----- INFORMATION PROVIDED -----

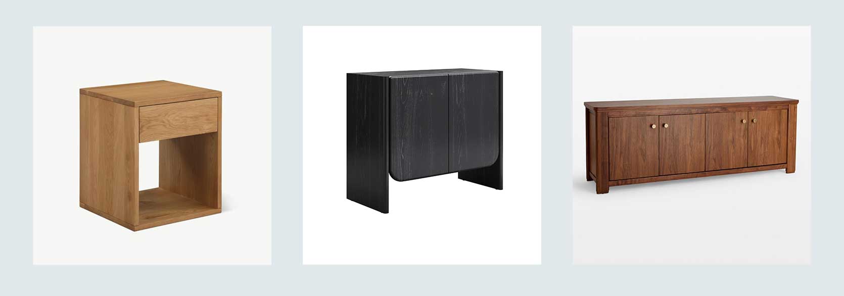 From Left: Rest Easy Nightstand With Drawer | Mid Century Modern Wood Curio Cabinet Black Oak | Anders Media Console, 72″ in Walnut
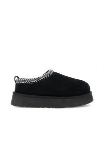 Sabot in pelle scamosciata con ricamo decorativo fodera e soletto in pelliccia sintetica. calda comfy e originale. suola alta 2 cm per un tocco urban.
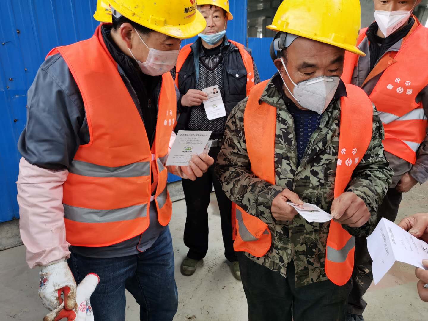 人員進(jìn)場按要求檢查健康證、測(cè)體溫、檢查生活區(qū)消毒情

-----

ASSIGNMENT - Reproduce the data in full. Do not carry over any picture.

RESPONSE TO THE TASK -
 From Left: Rest Easy Nightstand With Drawer | Mid Century Modern Wood Curio Cabinet Black Oak | Anders Media Console, 72″ in Walnut
 Sabot in pelle scamosciata con ricamo decorativo fodera e soletto in pelliccia sintetica. calda comfy e originale. suola alta 2 cm per un tocco urban.
 人員進(jìn)場按要求檢查健康證、測(cè)體溫、檢查生活區(qū)消毒情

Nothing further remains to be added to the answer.